Task to carry out: Output, exactly and in full, only the lines from the one containing "Trendy medium blue" to the last line of the data. Pictures should not appear.

[Data extracted from a collection]

↓

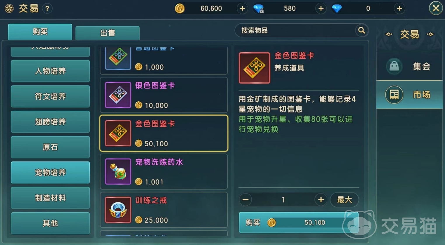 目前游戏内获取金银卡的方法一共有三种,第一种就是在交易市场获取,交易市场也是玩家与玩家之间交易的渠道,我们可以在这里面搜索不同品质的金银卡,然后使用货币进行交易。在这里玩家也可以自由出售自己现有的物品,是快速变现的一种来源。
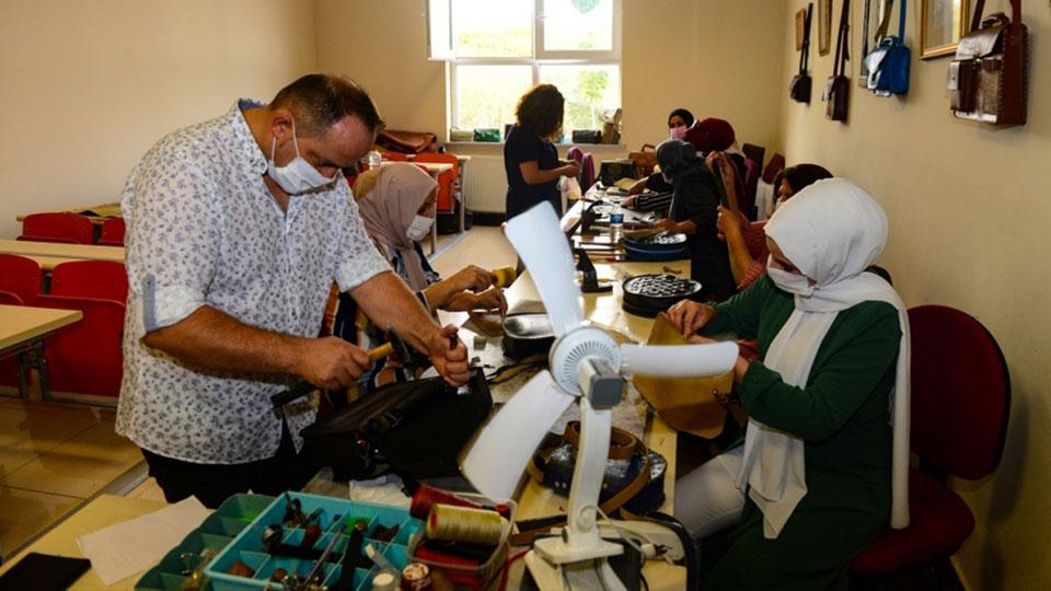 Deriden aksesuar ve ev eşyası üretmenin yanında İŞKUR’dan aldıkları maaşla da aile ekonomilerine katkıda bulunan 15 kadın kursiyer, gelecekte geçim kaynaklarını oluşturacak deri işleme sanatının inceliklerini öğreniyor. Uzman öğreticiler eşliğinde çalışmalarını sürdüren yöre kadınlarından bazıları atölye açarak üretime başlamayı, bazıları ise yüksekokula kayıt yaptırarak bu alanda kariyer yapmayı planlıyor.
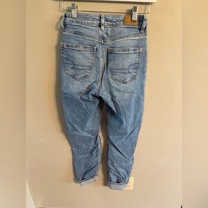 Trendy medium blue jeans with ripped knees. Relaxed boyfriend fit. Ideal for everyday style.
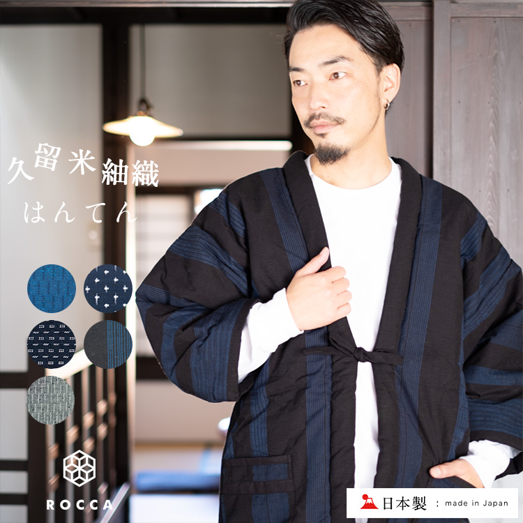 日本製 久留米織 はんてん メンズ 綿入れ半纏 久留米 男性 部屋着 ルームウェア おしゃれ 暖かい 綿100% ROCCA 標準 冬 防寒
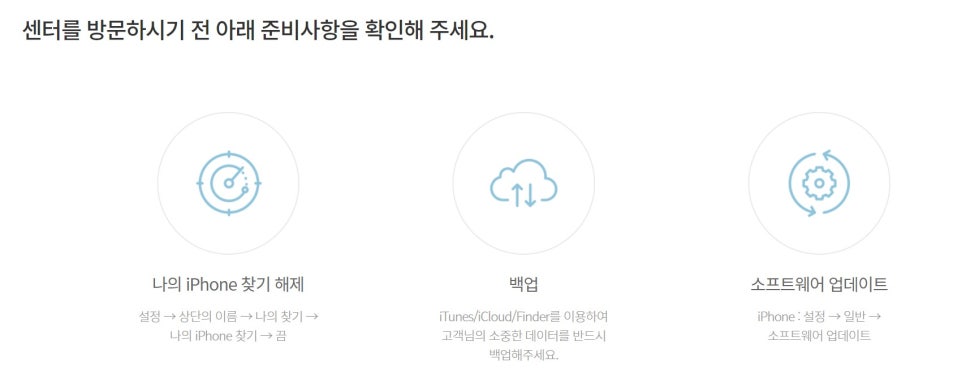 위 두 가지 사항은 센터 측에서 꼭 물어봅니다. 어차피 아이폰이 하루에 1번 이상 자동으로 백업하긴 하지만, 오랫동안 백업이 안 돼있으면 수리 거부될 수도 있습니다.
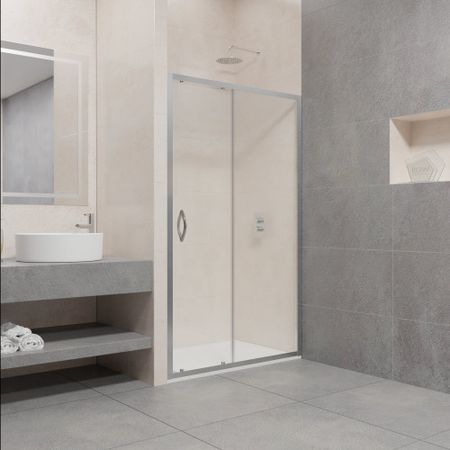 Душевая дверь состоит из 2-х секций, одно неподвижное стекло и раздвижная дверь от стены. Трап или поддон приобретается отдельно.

↑

Exercise output:
 Trendy medium blue jeans with ripped knees. Relaxed boyfriend fit. Ideal for everyday style.
 日本製 久留米織 はんてん メンズ 綿入れ半纏 久留米 男性 部屋着 ルームウェア おしゃれ 暖かい 綿100% ROCCA 標準 冬 防寒
 위 두 가지 사항은 센터 측에서 꼭 물어봅니다. 어차피 아이폰이 하루에 1번 이상 자동으로 백업하긴 하지만, 오랫동안 백업이 안 돼있으면 수리 거부될 수도 있습니다.
 Душевая дверь состоит из 2-х секций, одно неподвижное стекло и раздвижная дверь от стены. Трап или поддон приобретается отдельно.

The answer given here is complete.